When Karen Romano Young was growing up, she and her sisters and brother spent most of their time exploring the wetlands down the road. The mill there was home to a woman who taught her about the wetlands and only once yelled at her for destroying frog eggs by stepping on them. These days the author lives near a marsh full of frogs in Bethel, Connecticut, with her husband, three children, two guinea pigs, a dog, and a cat.

In Her Own Words...

"My first published writing was a poem called My Secret Place. I wrote it in fourth grade, and it appeared in my local paper and in a book of 100 poems written by children in our school district. The place in the poem was a shady spot under trees, but more important was what I did there: write!

"I've kept a diary since I was nine, and as a child I wrote poems and stories and lots of letters. If I wasn't writing, I was reading. Everyone around me read-to themselves, to each other, to me. My grandmother has this saying framed on her wall: "Richer than 1, you will never be, for I had a mother who read to me." I'll add to that: My mother took me to the library-the Fairfield Children's Library in Fairfield, Connecticut, where I grew up. Once I was too old to have a child's card, I even worked there, looking after the picture books and children's novels all the way through high school and even on vacations home from my school, Syracuse University.

"Part of my college education was a semester in England, where I did an independent study of storytelling and folklore (especially, different versions of "Rumpelstiltskin") that took me all over the country reading and telling stories to children. At the end of college my English boyfriend, Mark Young, immigrated, and we got married in Connecticut.

"My first job was writing for Scholastic's news magazines-the ones kids use in their classrooms to learn about the news and lots of other things. What a cool job: interviewing all sorts of people, doing tons of research, writing on a very short deadline. It was hard and colorful and lively and exciting, and I spent every day in New York City. I had gone to college to learn to be a teacher-but now I was hooked on writing for a living and never went back to teaching.

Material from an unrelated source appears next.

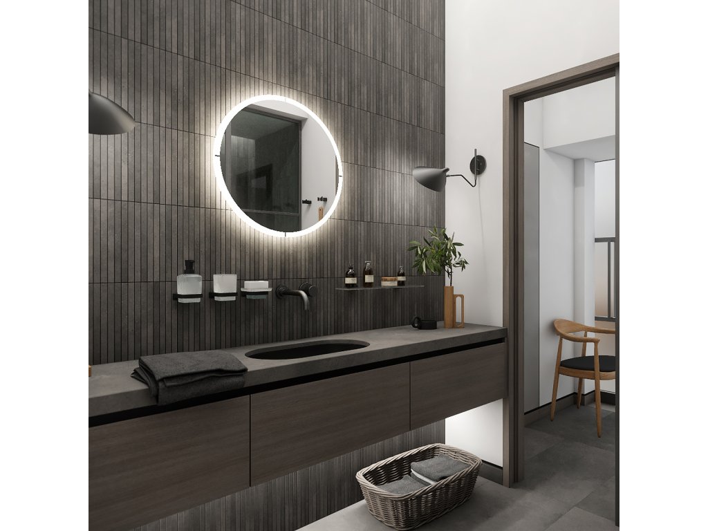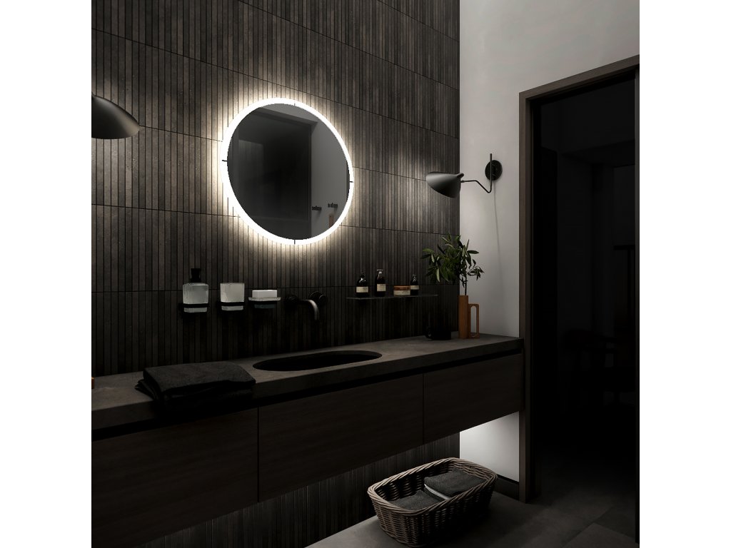 Koupelnové podsvícené KULATÉ LED zrcadlo. Příkon 28 W, teplota chromatičnosti 6000 K. 2016 Lumen.

"After our daughter Bethany was born, I decided I didn't need a New York office--or even a spot under the trees--to be able to write. I stayed home and worked in the spare bedroom. I wrote for all kinds of children's magazines, covering everything from rock climbing to rocket science.

"Around the time Sam was born, I began writing nonfiction books. I've written about so many different things, but I especially love writing about people and all the different ways they live their lives: high-wire artists, Arctic scientists, a lady who tap-danced across the Golden Gate Bridge, and a man who walked all the way around the world.

"When Emily was born, writing time was tight. But I had lots of time to think. During high school I had written a picture book called The Blue Volkswagen. Now I began thinking about where that old Beetle might be these days. One day I took the kids to the library. Outside, a woman was selling prints of her photographs. One of them showed an old Beetle sitting in the doorway of a barn. I bought it, took it home, and began writing a story in the twenty minutes a day I had to myself. I didn't write about my real self or about anything that had really happened to me, but I tried to think of my story as I would have felt or acted if I were Daisy living in that farmhouse at that time. After The Beetle and Me came Video, and more and more stories after that.

"My husband, children, dog, cat, guinea pigs, and I have a small, noisy, weird house in the Connecticut woods. Our lives are full of books, and we all read every chance we get. I write everyplace: in the kitchen, in the car, in the barn, in the school parking lot, in the Reading Room at the New York Public Library, at the beach. I write and write and write...."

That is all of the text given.